-- RECORDS PROVIDED --
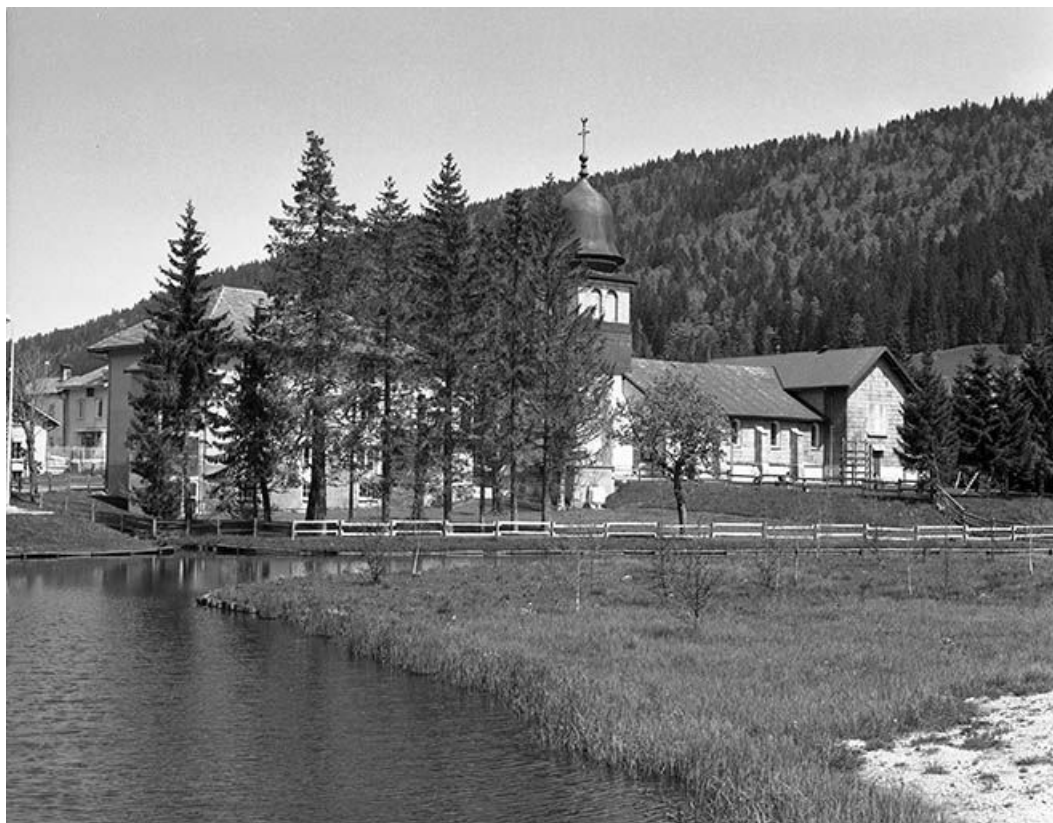
Vue éloignée de l'église.
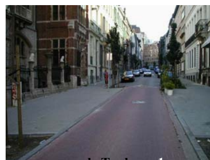
rue de Toulouse 1
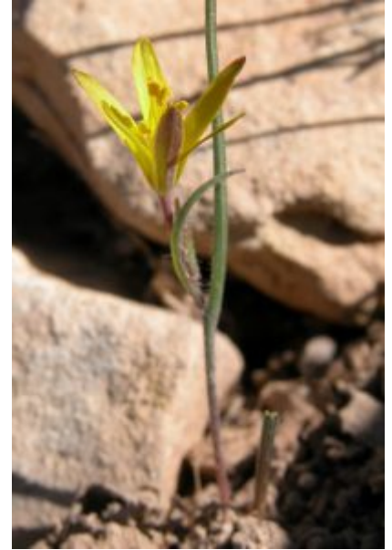
מימין: פרח זכרי של זהבית דמשקאית, מעל פטרה, משמאל: פרח דו-מיני של זהבית השלוחות, הר-הטייסיים, לצפיה מיטבית - לחץ על התמונה
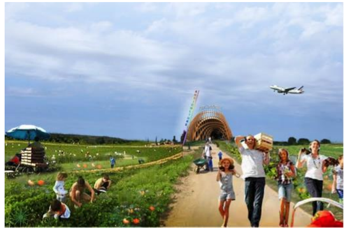
perspective « Fort Gonesse » équipe Castro-Denissof-Casi pour l'AIGP
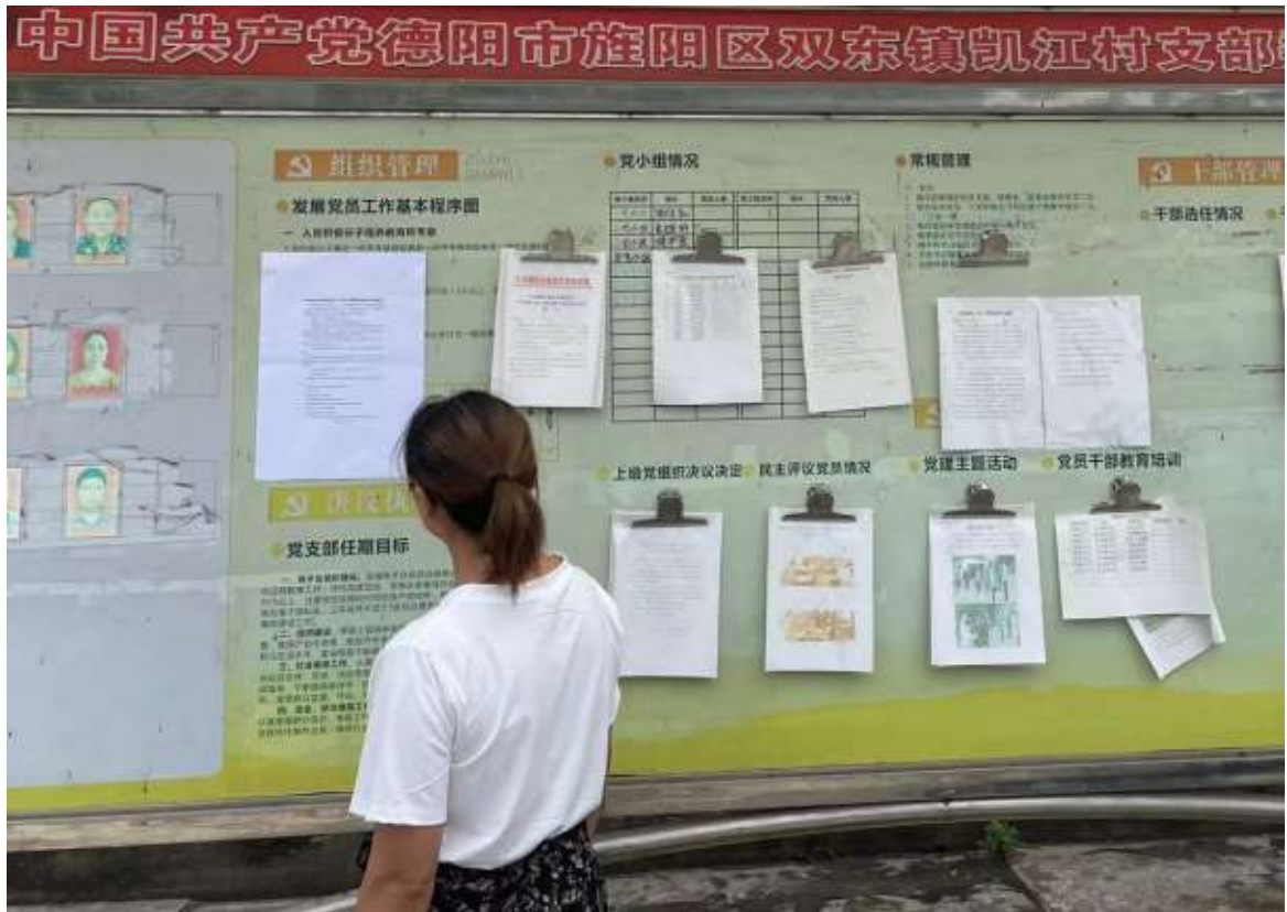
旌阳区双东镇凯江村村委会张贴公告照片
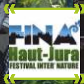
Franc succès pour la première édition du Festival Inter'Nature du Haut-Jura, les 12, 13 et 14 avril derniers.
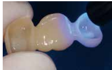
Photopolymériser l'adhésif Heliobond.

Pour le rebasage, appliquer Telio CS C&B mélangé dans l'intrados des couronnes. Gardez l'embout de mélange immergé dans le matériau afin d'éviter la formation de bulles. Si nécessaire, le matériau peut également être appliqué à l'aide d'une seringue autour des dents préparées afin d'éviter la formation de bulles le long de la préparation cervicale.
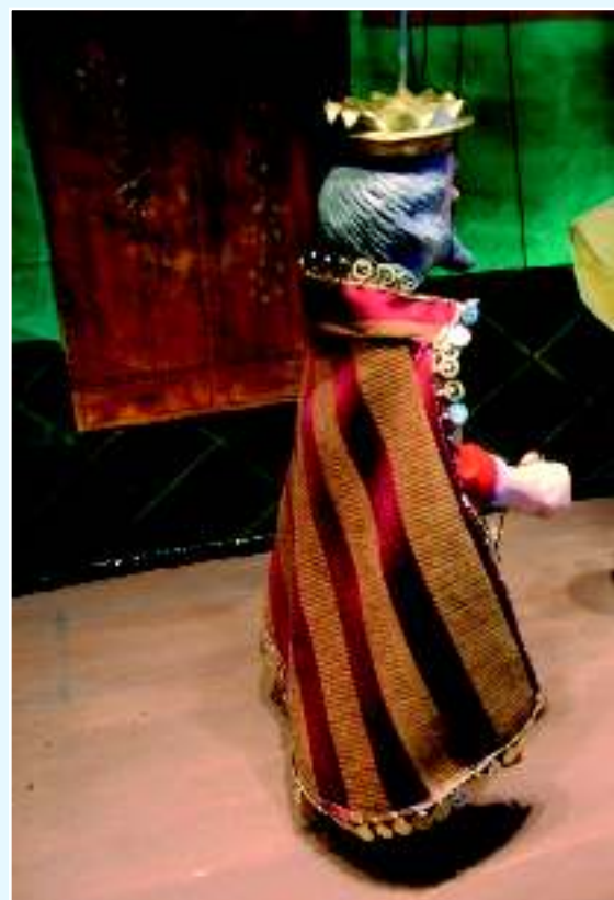
Кукольный театр, Оахака

С помощью проведения Чешской культурной мастерской в Бразилии объединение снова хочет создать действующую модель уникальной творческой атмосферы как базы для представления оригинального и традиционного чешского театра марионеток в нескольких штатах Бразилии. Совместно с бразильскими артистами на португальском языке будет поставлена театральная пьеса из мастерской чешских кукольников. Одновременно там будут действовать курсы обучения технике живописи и состоится альтернативное театральное представление, подготовленное совместно с местными артистами. Одновременно в рамках этого проекта будут работать курсы актерского мастерства для актеров театра марионеток и художественные воркшопы для детей от 10 лет. К первым спонсорам этого проекта принадлежит компания Grano, o.o.o и Hostel Elf – Прага, o.o.o.
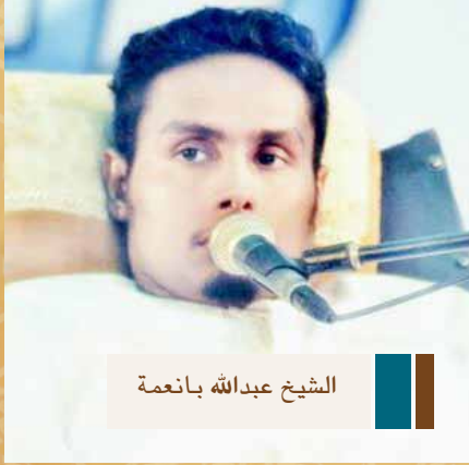
الشيخ عبدالله بانعمة

نظمت إدارة الأنشطة الطلابية بالتعاون مع قسم الارشاد والدعوة بوزارة الاوقاف والشؤون الاسلامية محاضرة للشيخ والداعية المقعد عبد الله بانعمة تحت شعار « هذه قصتي »، وذلك في شهر اكتوبر ٢٠١٢، في مباني الأنشطة الطلابية بنين وبنات.
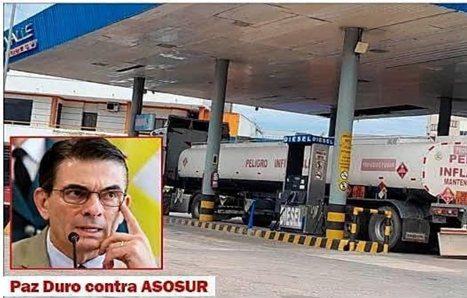
Paz Duro contra ASOSUR
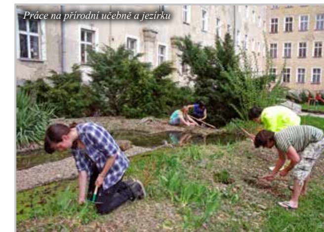
Práce na přírodní učebně a jezírku
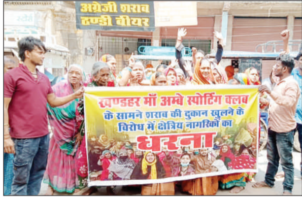
रूप में देखा जाता था, वहीं अब शराब की दुकान खुलने से लोगों

वाराणसी (जनमुख डेस्क)। आदमपुर थाना क्षेत्र के प्रहाद घाट पर शराब और बीयर का ठेका खुलने के बाद स्थानीय नागरिकों में गहरा असंतोष फैल गया है। जिस स्थान को अब तक धार्मिक और सामाजिक गतिविधियों के केंद्र के
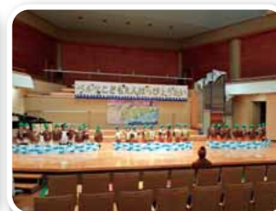
劇あそび 「やさいのおふろ」
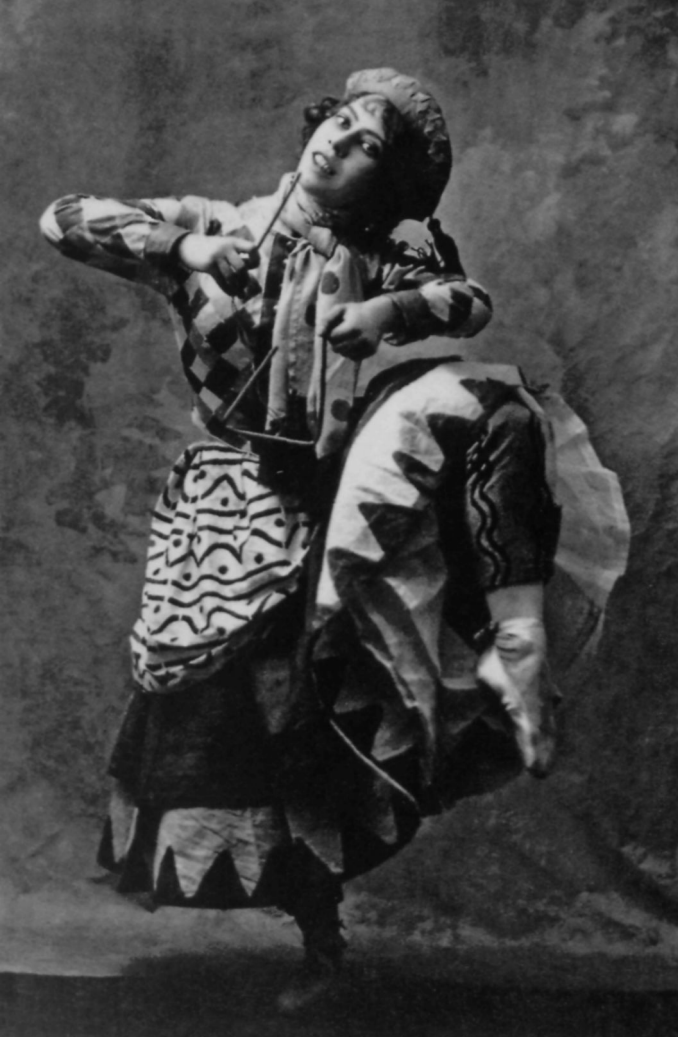
Бронислава Нижинская в балете «Петрушка», Париж, 1911 Bronislava Nijinskaya in "Petrushka", Paris, 1911
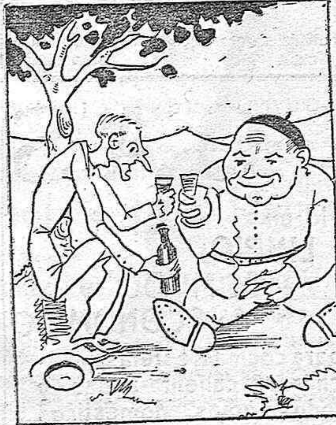
Bebe el gordo y el "delgao".
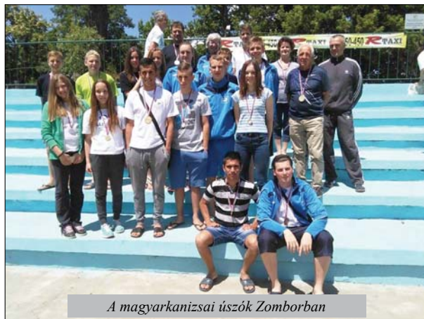
A magyarkanizsai úszók Zomborban

Zomborban rendezték meg az 1. Szerbia Open kupa 2015 nyílt vízi maratoni úszóversenyt két távon (2000 m és 5000 m), amelyen a magyarkanizsai Kanizsa Úszó klub 23 versenyzője vett részt. A magyarkanizsai úszók sikeresen kezdték meg az idei versenyzést, összesen húsz érmet (kilenc arany, négy ezüst, hét bronz) nyertek.
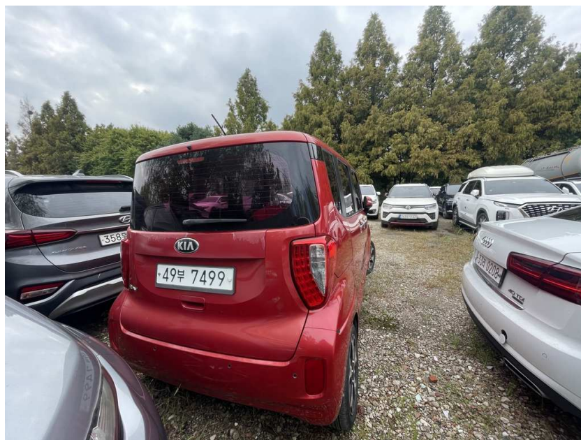
본건 차량 후면
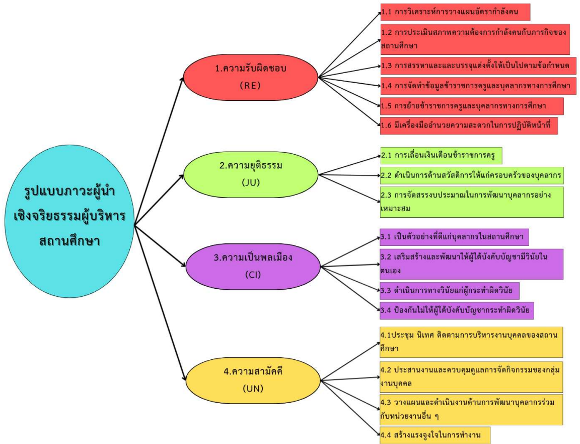
ภาพที่ 2 รูปแบบภาวะผู้นำเชิงจริยธรรมของผู้บริหารสถานศึกษา
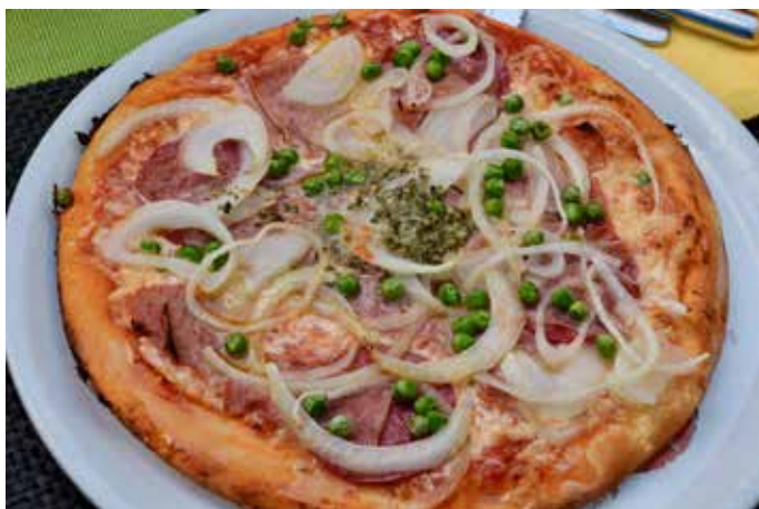
Frisch zubereitet schmecken die leckeren Pizzen besonders gut

offen. Selbstredend erwartet die Gäste auch eine große Palette an verschiedenen frisch zubereiteten Pizzen, alle mit Liebe gefertigt. Belebt sind ebenfalls die Pastagerichte, welche wahlweise mit Spaghetti, Tagliatelle oder Rigatoni angerichtet werden. Auch hier ist die Bandbreite der Zubereitung groß angefangen von Verdure (mit Gemüse nach Art des Hauses), Gorgonzola oder alla Panna, um einmal mit den einfacheren Sachen zu starten. Sehr beliebt sind die Tagliatelle mit
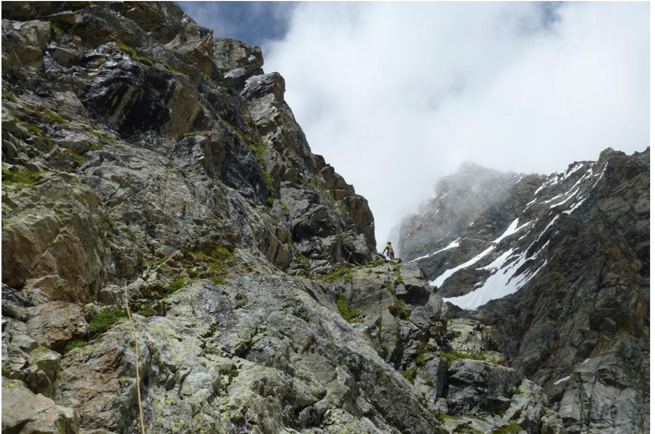
Фото 3. Преодоление первой верёвки стенной части.
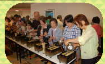
明石焼き体験:昼食
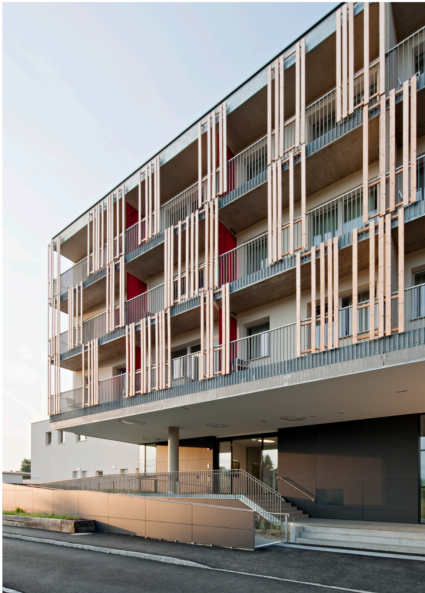
Haupteingang Main entrance
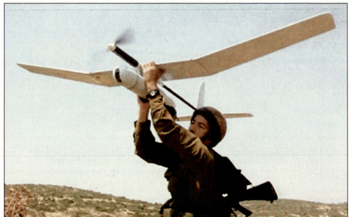
Das Drohnensystem «Skylark» steht bei der israelischen Armee sowie bei Streitkräften mehrerer NATO-Staaten im Einsatz.

Gemäss vorliegenden Informationen hat die australische Armee im Jahre 2005 bei Elbit sechs Systeme «Skylark I» gekauft und diese bereits kurz darauf ihren Truppen im Süden des Irak zur Verfügung gestellt. Im Weiteren sollen auch die kanadischen sowie die niederländischen Truppen bei der ISAF (International Security Assistance Force) in Afghanistan über «Skylark»-Drohnen verfügen. Das niederländische Kontingent soll diese Aufklärungsmittel zusammen mit den zehn «Aladin»-Mini-UAVs für dringende Missionen einsetzen.
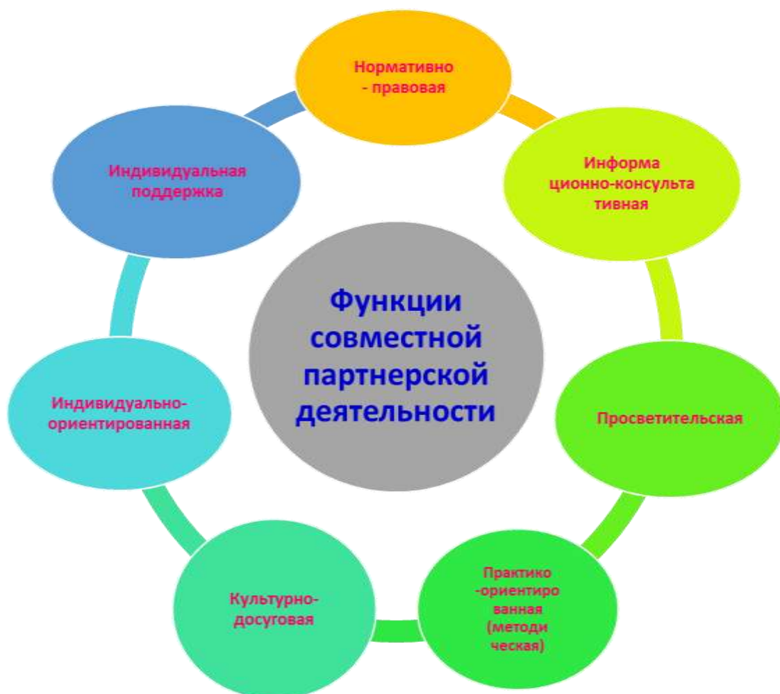
Рисунок 1. Модель включенности родителей в образовательный процесс МБДОУ - детский сад № 393.

Проектирование деятельности по обеспечению включенности родителей в образовательный процесс осуществляется на основе следующей модели (рисунок 1):
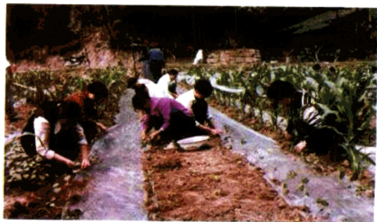
▲在1999年大战“红五 月”中,民政局全体机关干 部到太兴乡为贫困户助耕。
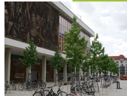
Sorte ‚Worplesdon‘, Schloßstraße
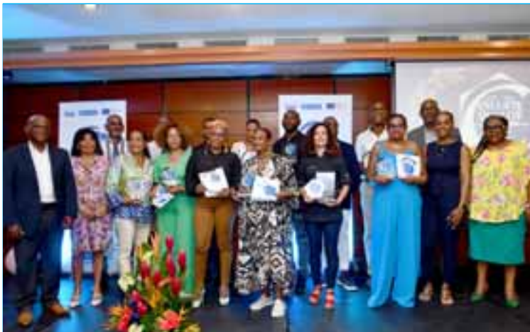
Les commerçants ayant reçus les prix spéciaux avec les élus des trois EPCI
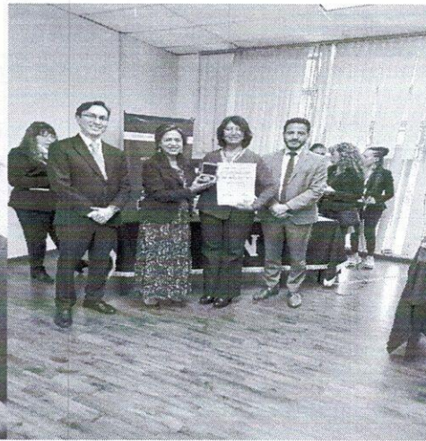
Entrega de preseña del Proceso de Reconocimiento a la Practica Educativa en Educación Media Superior 2023
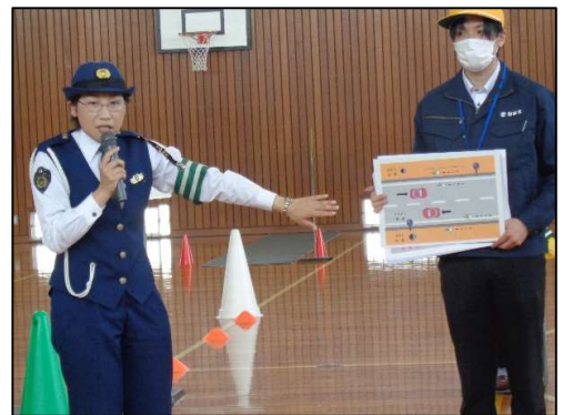
「道路の左端を進みます！」

今回の自転車教室を踏まえ、家族の見守りの中で練習を積んで、しっかり走行できるようにしましょう。左側を走る、しっかり止まる、左右を確認しスムーズに漕ぎだせるなどができるようになってから、校区内を安全に乗ることができます。ご指導いただきました関係者の皆様、丁寧なご指導をありがとうございました。
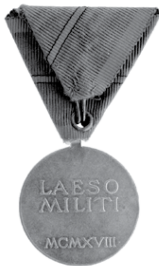
Slika 12. Ranjenička medalja, za prvu ranu, revers.

Ranjeničku medalju dobivali su časnici, dočasnici i vojnici oboljeli i ranjeni na bojištu. Oboljeli od težih bolesti, koje su prouzročile invalidnost, nosili su medalju na trokutastoj vrpici širokoj 39 mm, vojničke sivomaslinaste boje, obrubljenoj dvjema crvenim prugama širokim 5 mm. Ranjenici su medalju nosili na vrpici istih boja, koja je po sredini bila prošarana s jednom, dvije, tri, četiri ili pet pruga širokih 2 mm, ovisno o tome koliko su puta bili ranjeni. Te su uske pruge obrubljene crnim koncem. Vrpцу s pet pruga dobivali su i oni koji su bili ranjeni više od pet puta (slika 13., 14. i 15.).

-- ACTION ITEM --
Pick every line of the data that includes the string "magyarkanizsai".

-- SOLVED PROBLEM --
A magyarkanizsai úszók Zomborban
Zomborban rendezték meg az 1. Szerbia Open kupa 2015 nyílt vízi maratoni úszóversenyt két távon (2000 m és 5000 m), amelyen a magyarkanizsai Kanizsa Úszó klub 23 versenyzője vett részt. A magyarkanizsai úszók sikeresen kezdték meg az idei versenyzést, összesen húsz érmet (kilenc arany, négy ezüst, hét bronz) nyertek.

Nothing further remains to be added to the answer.